The concept of data warehousing began in the late 1980s. The principal was and still is that fundamental business
systems are designed to capture as much information as possible, work as quickly as possible, and have
very low failure rates. Note that user accessibility is not a top priority. Hence, a business system (general
ledger, order entry, inventory control, etc.) collects a veritable treasure of information, but that information is
stored in a system that was never designed for access by businesspeople.
The “data warehouse” is supposed to be a repository for the useful data collected by those business
systems. The difference is that the data warehouse is designed for easy user access. This difference solves
two constant problems:
• The ability of business decision-makers to gain timely access to corporate information — It is ironic, but
not surprising, that the very transaction-based systems on which the business depends most heavily are
designed in such a way that IS generally is the only department capable of effective access & retrieval.
Most transaction systems are designed with hundreds of obscure table and field names (the design target is
volume and speed). Studies have shown that users find it difficult to locate data when there are more than
22 tables in a database. You see the conflict.
• Consistency of results — if everyone uses the same data source, report results should be synchronized.
Result inconsistency arises because of the very nature of transaction systems. These on-line systems
constantly change content as new data is added. The stories you usually hear are that IS “doesn’t want users
accessing the transaction systems” because it affects performance. The truth is that accessing the transaction
systems for reporting is as bad for the users as it for IS. Here’s why. Let’s say my boss and I both run a
sales report program against the transaction system. Mine runs at 10:00 AM, and shows we are 25% under
quota. My boss runs his report at 12:15 PM. We are scheduled to have a staff meeting at 1:00 PM where
I will discuss sales trends. What I don’t know is that at 11:00 AM, a sale valued at $50,000,000 was entered
into the system. So my presentation is geared to addressing the shortcomings of sales, while the Sales VP
is looking at numbers that show us outperforming quota by 75%.

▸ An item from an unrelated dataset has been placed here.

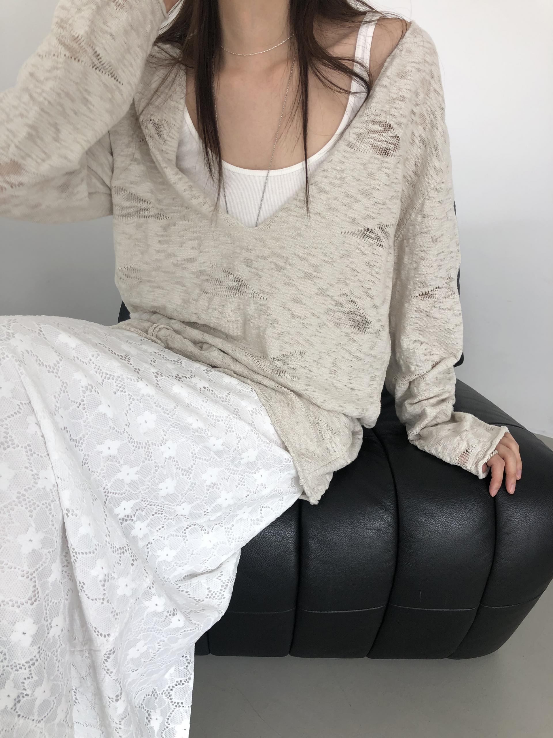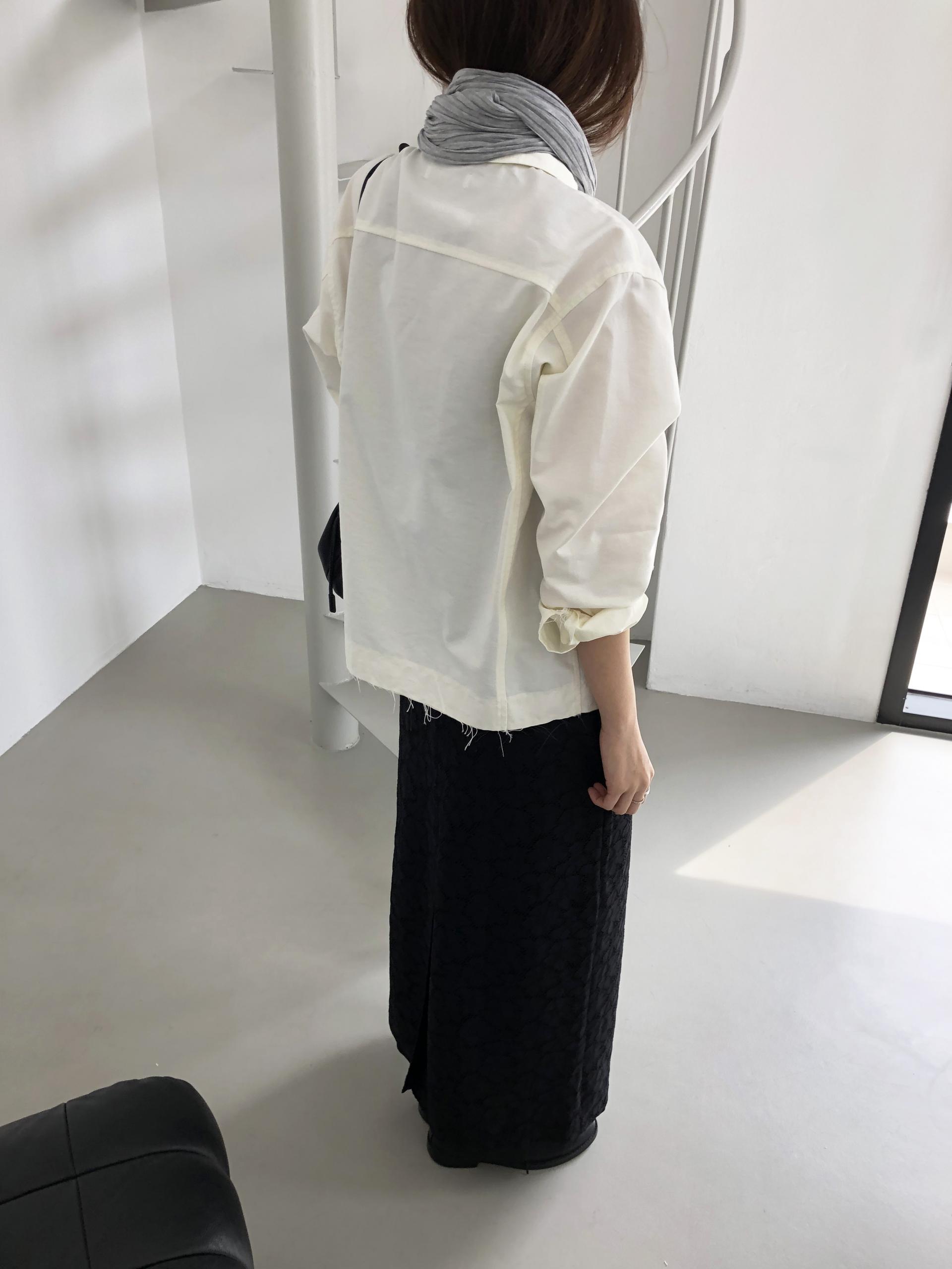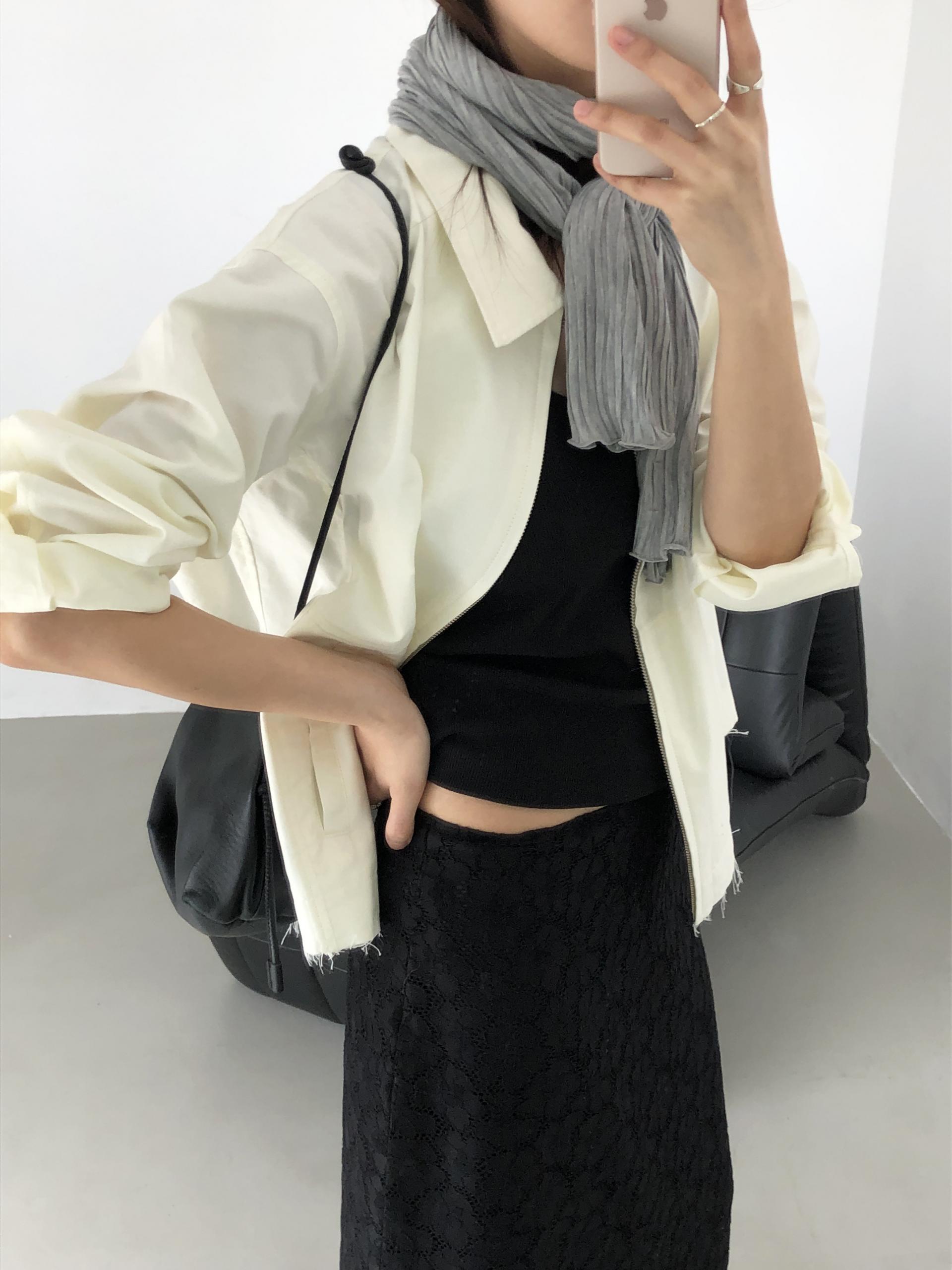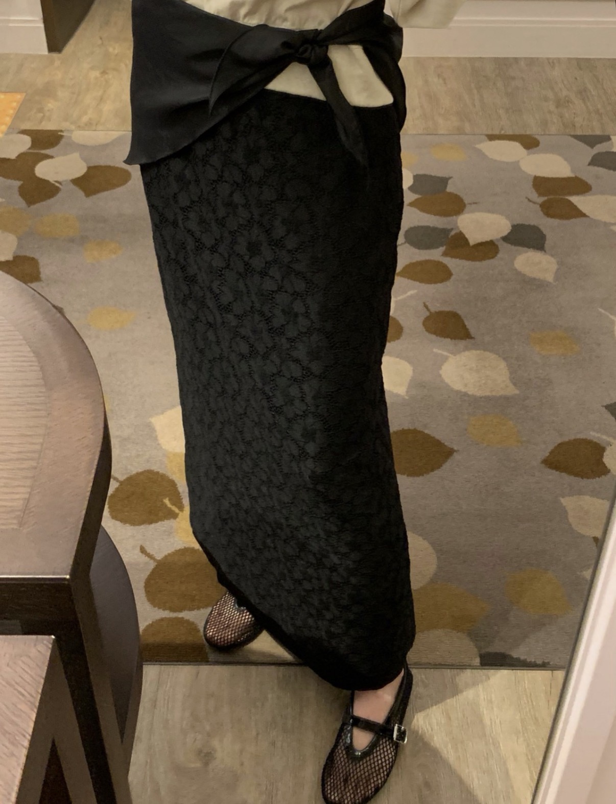 맥시한 기장에 여유로운 핏감으로 깔끔하게 뚝 떨어지는 실루엣을 가졌습니다. 안감이 끝까지 레이어드 되어 밑단 아래로 드러나요. 걸을 때마다 크로셰 사이로 안감이 은은하게 비칩니다. 안감이 끝까지 더해졌을 뿐인데 훨씬 김이감이 있는 무드를 느낄 수 있어요.
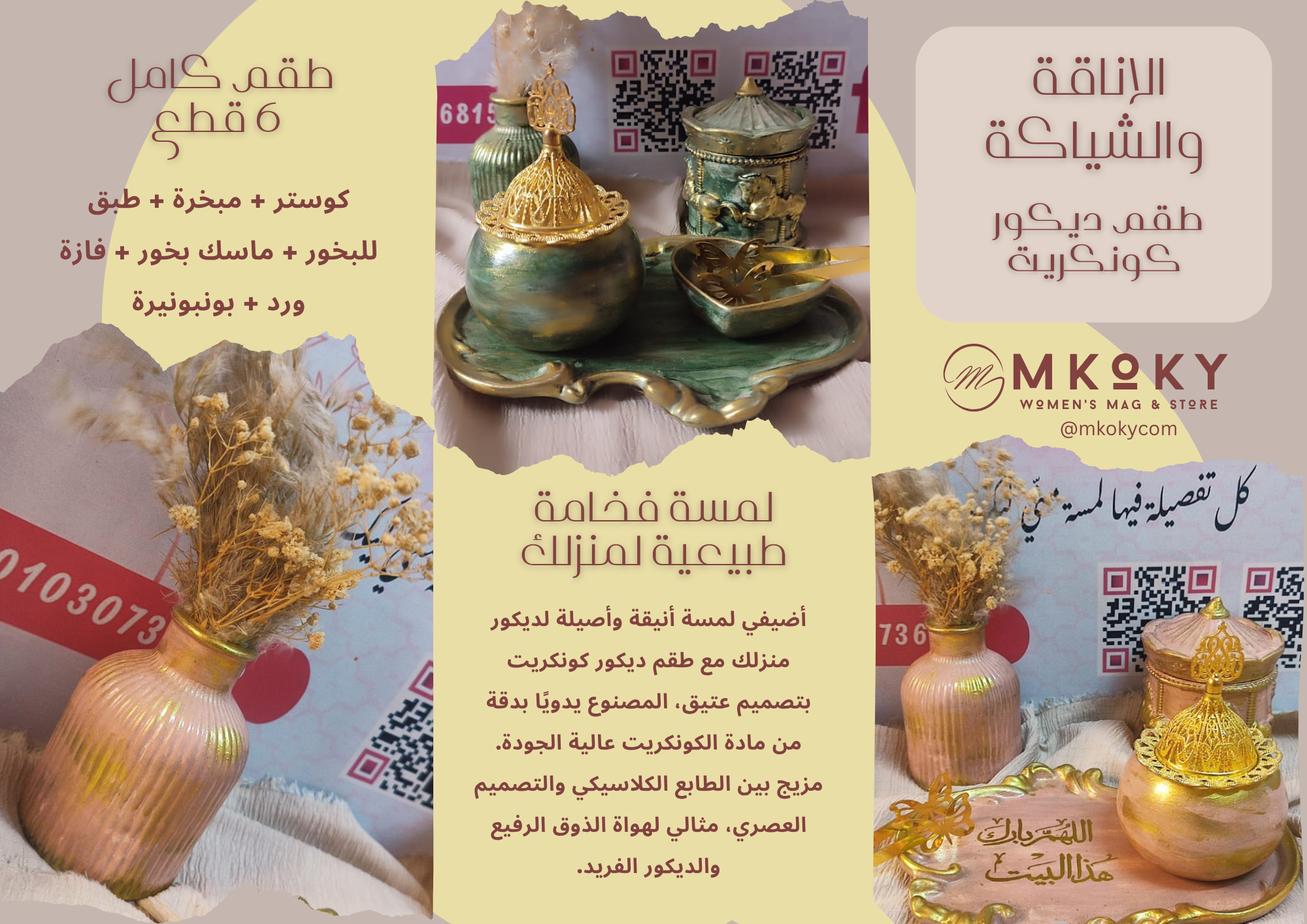 طقم ديكور كونكريت – ديكور يدوي عتيق – مبخرة أرابيسك – فازات كونكريت – هدايا منزلية أنيقة – أطقم ديكور يدوي – ديكور مودرن كلاسيك

Data warehouse implementations
The traditional data warehouse is a centrally maintained data storage facility that (in theory) holds all the data
any user could want. These systems are inevitably technically driven. Cost is high ($3,000,000 - $5,000,000).
Implementation time is long (12-18 months). These gigantic enterprisewide undertakings are falling out of
favor because of expense, time, and failure rates.
The data mart option
Instead, businesses are opting for data marts. These implementations serve the same function as a data warehouse
(ease of user access, data synchronization, etc.), but are aimed at specific business problems, generally
within departments or divisions. Costs are much lower (typically well under $500,000). Implementation time
is less than 6 months (assuming the implementer has experience). The data mart can be accessed by a huge
range of user tools, from spreadsheets like Excel and 1-2-3 to sophisticated analysis tools.
Recently, data mining has become yet another option. Customers get confused by data mining, so let’s
unconfuse” this technology. Data warehouse/data mart is a solution for the problems of information analysis
by business decision makers. Data mining is a method for determining patterns in your business operations.
A data mining implementation accumulates enormous volumes of transaction data. The data mining system
then sifts through that data looking for some type of pattern. Data mining is most heavily used by retailers
looking for buying patterns in point-of-sale data. At the moment data mining is in its infancy. It is very
expensive, with highly specialized user tools.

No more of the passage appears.